Чёрная Земля

Чёрная Земля.

     Давно это было ...  Всякие подробности стёрлись из памяти, и лица, как за мокрым от дождя стеклом потеряли свои чёткие очертания и превратились в размытые блёклые пятна. Закроешь глаза, и из глубины сознания выплывают давние картины и образы. Всё такое дымкой затуманенное, переливающееся от светло–серого в темно-серое. Белыми были только облака на голубом солнечном небе того весеннего дня, а чёрной была последовавшая за днём безлунная и беззвёздная ночь. Весна была ранняя, и сама природа, будто ещё не поняв, не радовалась тому ветерку, который весна всколыхнула своим неспешным приближением. Ещё не заиграли чистые и нежные акварельные краски, на которые она бывет щедра. Серое бесцветье, как из тюбика гуталина подпитывалось грязно-водянистой чернозёмной жижей убогих безрадостных улочек небольшоого городка Старый Оскол1. Люди на его улицах выглядели также бесцветно, чахоточно и безрадостно, как их дома и окна,  дороги и тротуары, телогрейки и стоптанные серые от грязи кирзовые чёботы. Не надо думать, что такое восприятие было вызвано депрессией, внутренними психологическими проблемами или мрачным характером.

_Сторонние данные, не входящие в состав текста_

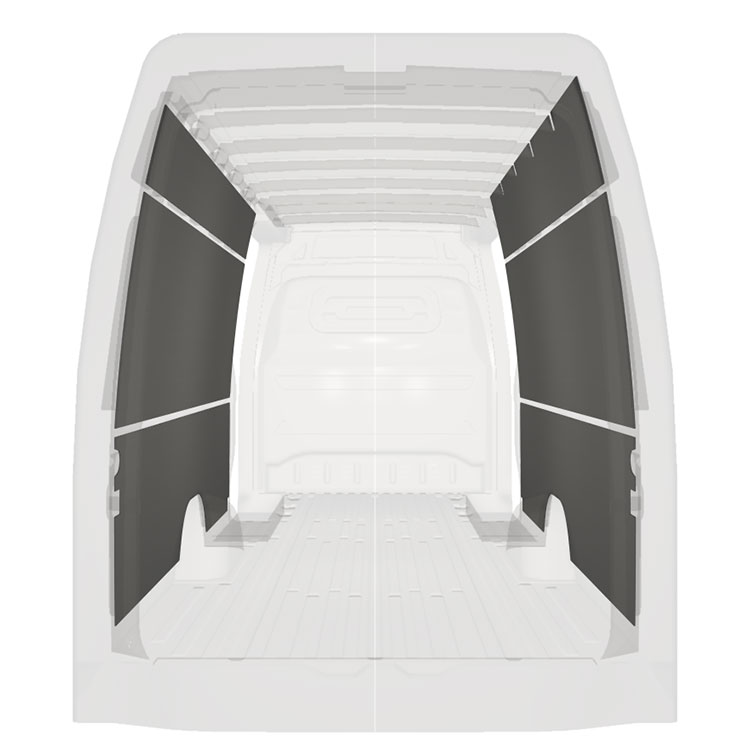 Lichtgewicht voorgesneden bekleding voor de binnenwanden van een Mercedes Sprinter met dubbele zijportieren. De bekleding zorgt voor een lichte, aangename werkomgeving en is makkelijk schoon te vegen.

Напротив, Заводила пребывал в добром расположении духа, всё шло хорошо, работа спорилась. Он был «в полёте», как сам определял такое приподнятое состояние. Цепкий глаз, как объектив фотокамеры фиксировал и запечатлевал всё неординарное на фотоматериал, пока непроявленное, оно со временем не тускнело и не засвечивалось. Он утром прибыл в этот городок, за полдня успел справиться с заданием и теперь уже, наспех поев в трактире «Оскол» с кривым деревянным щербатым полом какой-то непонятной, но горячей солоноватой полбы, спешил на жд станцию.
 

     Дорога до cт. Таловая2 лежала через ст. Валуйки3. Этот отрезок пути пришлось трястись в тёмнозелёном с подтёками и наплывами краски, обшарпанном, со щербатыми деревянными лавками вагоне узкоколейного поезда. Местные называли этот поезд кукушкой. Он возил трудовой люд на работу и в Старый Оскол, и в Валуйки, и с работы туда и обратно. Вонял углём, металлом и потом, усиливая нонцентрацию двух последних по мере приближения к Старому Осколу и не ослаблял её от него отдаляясь. Вагон был почти полон. Справа, сразу за дверью из тамбура Заводила увидел две друг против друга одиночные лавки и занял ту, что лицом к салону. Тут сразу же впорхнула девушка лет двадцати, протиснулась мимо багажа Заводилы и села напротив. Заводила, как обычно, был нагружен большим саквояжем, переносным осциллографом в чехле и небольшой сумкой через плечо. Осциллограф занял место под лавкой, саквояж между Заводилой и девушкой. В сумке Заводила держал документы, деньги, записную книжку и что-нибудь лёгкое на перекус. Заводила развернул и подвинул к себе саквояж, освободив для девушки часть пространства. Девушка поблагодарила кивком и улыбкой. Вагон заскрипел, затрещал, заскрежетал, дёрнулся, качнулся и нехотя так, медленно станция пошла уплывать и удаляться назад в дымчатую безотрадную серость.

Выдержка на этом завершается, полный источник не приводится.